Here's How Sharp Objects ' Production Designer Created the Dollhouse at the Center of the Miniseries

A reoccurring symbol in Sharp Objects, the eight-episode HBO series based on the debut thriller novel of the same name by writer Gillian Flynn, is the dollhouse. Throughout the series, the dollhouse, which is an exact miniature replica of the Preaker family manor, represents the obsession with control all the generations of women within the Preaker family share. (This ultimately comes to a head in the series finale, available August 26.)

The Preaker Manor as it appears on Sharp Objects.
The Preaker Manor as it appears on Sharp Objects.
Photo by Anne Marie Fox/HBO

But before the audience ever lays eyes on the toy home, viewers are presented with the Preaker manor, which is at the center of the well-received miniseries and serves as the original inspiration for the dollhouse that later plays such a crucial role in the show's plot line. Adora Crellin (Patricia Clarkson) has, for decades, inhabited the Stick-style mansion with her three children, who include 14-year-old Amma Crellin (Eliza Scanlen) and her adult daughter Camille Preaker (Amy Adams), now a fast-talking news reporter. The interiors, which were created at a studio in Los Angeles, are characteristic of Adora—an aristocrat in Wind Gap, Missouri, who continues to romanticize the Civil War South. But while that may call to mine a drab and depressing gray uniform, there's a reason her home does not.“We wanted to make her interior very colorful and luxe and not the typical stained and faded look of a Southern Gothic place," says John Paino, production designer for Sharp Objects as well as HBO’s Big Little Lies and HBO’s The Leftovers. "We didn’t want her to live in a ramshackle place. Adora was fabulously wealthy and she would probably hire an upscale designer from somewhere like Atlanta.”

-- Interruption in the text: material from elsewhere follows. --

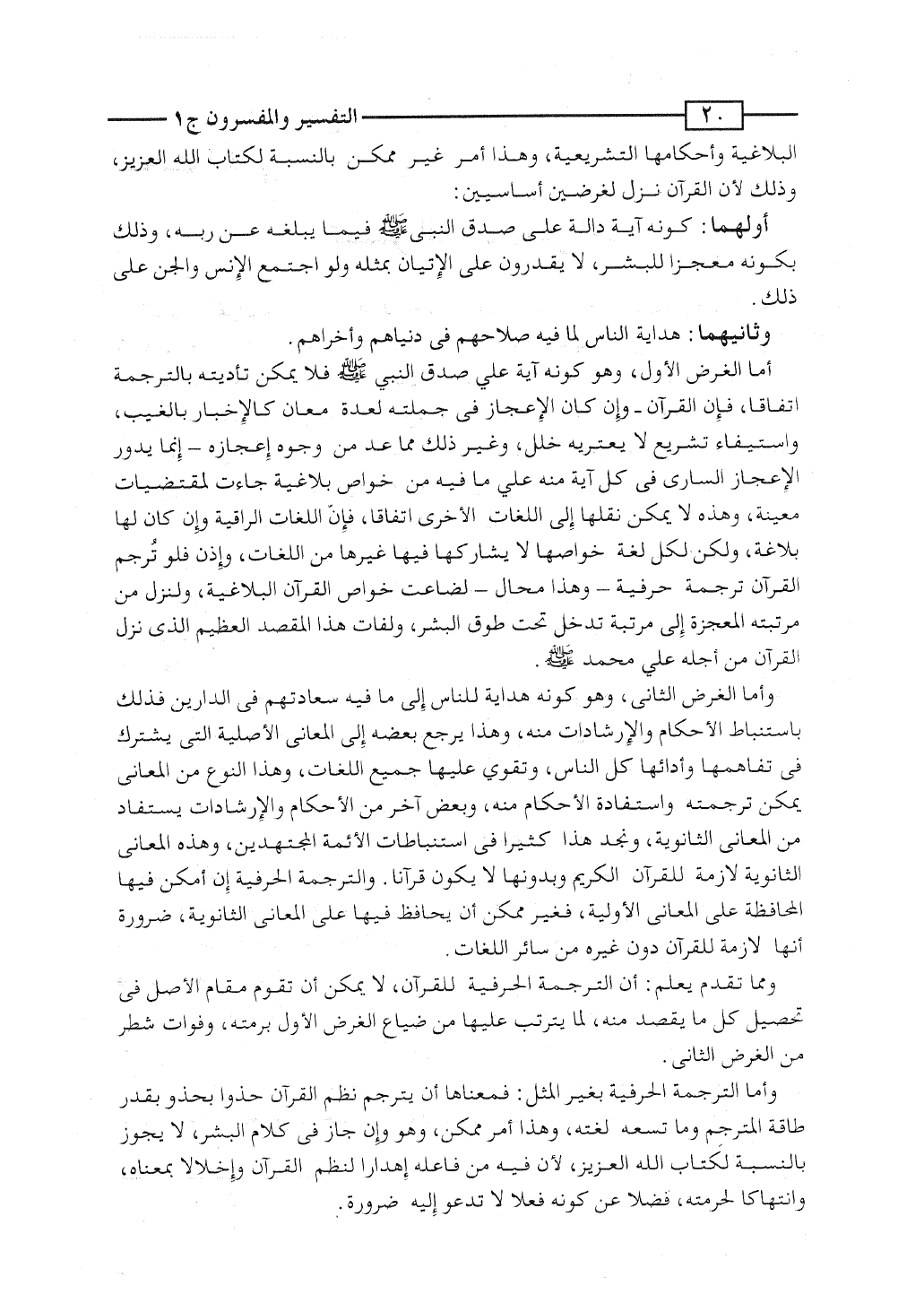 وأما الغرض الثانى، وهو كونه هداية للناس إلى ما فيه سعادتهم فى الدارين فذلك باستنباط الأحكام والإرشادات منه، وهذا يرجع بعضه إلى المعانى الأصلية التى يشترك فى تفاهمها وأدائها كل الناس، وتقوى عليها جميع اللغات، وهذا النوع من المعانى يمكن ترجمته واستفادة الأحكام منه، وبعض آخر من الأحكام والإرشادات يُستفاد من المعانى الثانوية، ونجد هذا كثيراً فى استنباط الأئمة المجتهدين، وهذه المعانى الثانوية لازمة للقرآن الكريم وبدونها لا يكون قرآناً. والترجمة الحرفية إن أمكن فيها المحافظة على المعانى الأوَّلية، فغير ممكن أن يحافظ فيها على المعانى الثانوية، ضرورة أنها لازمة للقرآن دون غيره من سائر اللغات.

The de Gourney wallpaper used in the entrance.
The de Gourney wallpaper used in the entrance.
Photo by Anne Marie Fox/HBO

The entrance is especially evocative. During the research process, Paino discovered a picture taken by American-German photographer Horst P. Horst of Pauline de Rothschild—which features the socialite, at home, in the middle of a De Gournay–wallpapered room. (The image first appeared in Vogue in 1969.) He decided to decorate the entrance with a similar wall covering: De Gournay’s “Earlham Chinoiserie.” Paino shares: “I was struck by the swampy-ness of it—and the second-ness of it. It’s like a poison. It’s like a beautiful flower that’s wilted and its starting to stink because it’s starting to go putrid. There was something about the faded beauty of it. It’s also something that would be very, very special, and that wallpaper was extremely expensive. Again, the swampy-ness of it felt perfect. The faded regalness of it. It just felt right.”

The photo, of socialite Pauline de Rothschild at home, that inspired the wallpaper used in Sharp Objects.
The photo, of socialite Pauline de Rothschild at home, that inspired the wallpaper used in Sharp Objects.
Horst P. Horst

There are also interior elements that echo both the novel and miniseries’ themes and twists. For example, the floor in Adora’s suite is made of ivory, a nod to Sharp Objects' teeth idée fixe. “I couldn’t find an ivory floor in existence. Not even the Sultan of Brunei has one. So, that was incredibly challenging and fun: How can we design a floor so that when you look at it looks like tusks from elephants and tusks from walruses and tusks from whales? There was no precedent for it," explains Paino, who opted for a marble stand-in.

But, the most iconic of these elements is the dollhouse—an exact miniature of the Stick-style mansion where it is housed. In Gillian Flynn’s novel, the dollhouse’s furniture matches the house’s furniture—as demonstrated in an interaction between Amma and Camille: “She plucked a footstool the size of a tangerine from the dollhouse’s front room and held it up to me. ‘Needs reupholstering now,'" Flynn's 2006 debut reads. "'Adora changed her color scheme from peach to yellow. She promised me she’d take me to the fabric store so I can make new coverings to match. This dollhouse is my fancy.’ She almost made it sound natural, my fancy.”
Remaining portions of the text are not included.